KERNER CONCLUSION 1968: One of the first witnesses to be invited to appear before this Commission was Dr. Kenneth B. Clark, a distinguished and perceptive scholar. Referring to the reports of earlier riot commissions, he said: I read that report. . . of the 1919 riot in Chicago, and it is as if I were reading the report of the investigating committee on the Harlem riot of '35, the report of the investigating committee on the Harlem riot of '43, the report of the McCone Commission on the Watts riot. I must again in candor say to you members of this Commission--it is a kind of Alice in Wonderland--with the same moving picture re-shown over and over again, the same analysis, the same recommendations, and the same inaction. These words come to our minds as we conclude this report. We have provided an honest beginning. We have learned much. But we have uncovered no startling truths, no unique insights, no simple solutions. The destruction and the bitterness of racial disorder, the harsh polemics of black revolt and white repression have been seen and heard before in this country. It is time now to end the destruction and the violence, not only in the streets of the ghetto but in the lives of people.

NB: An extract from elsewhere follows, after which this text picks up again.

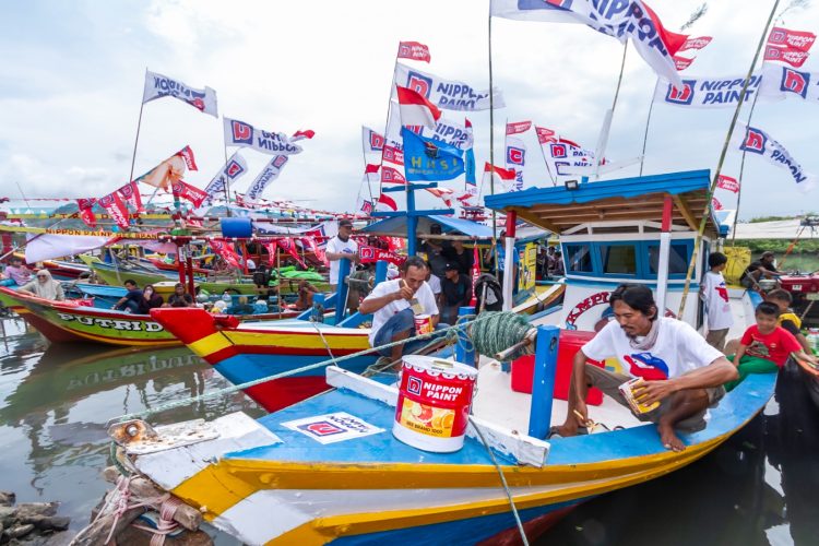 SERANG, WT – Peringati Hari Nelayan Internasional, Nippon Paint cat ratusan kapal nelayan. Kegiatan ini sekaligus di Kepuh Margagiri, Kampung Cikubang, Desa Argawana, Kecamatan Puloampel, Kabupaten Serang.

“It is hard to face this. But all our phrasing—race relations, racial chasm, racial justice, racial profiling, white privilege, even white supremacy—serves to obscure that racism is a visceral experience, that it dislodges brains, blocks airways, rips muscle, extracts organs, cracks bones, breaks teeth. You must never look away from this. You must always remember that the sociology, the history, the economics, the graphs, the charts, the regressions all land, with great violence, upon the body.”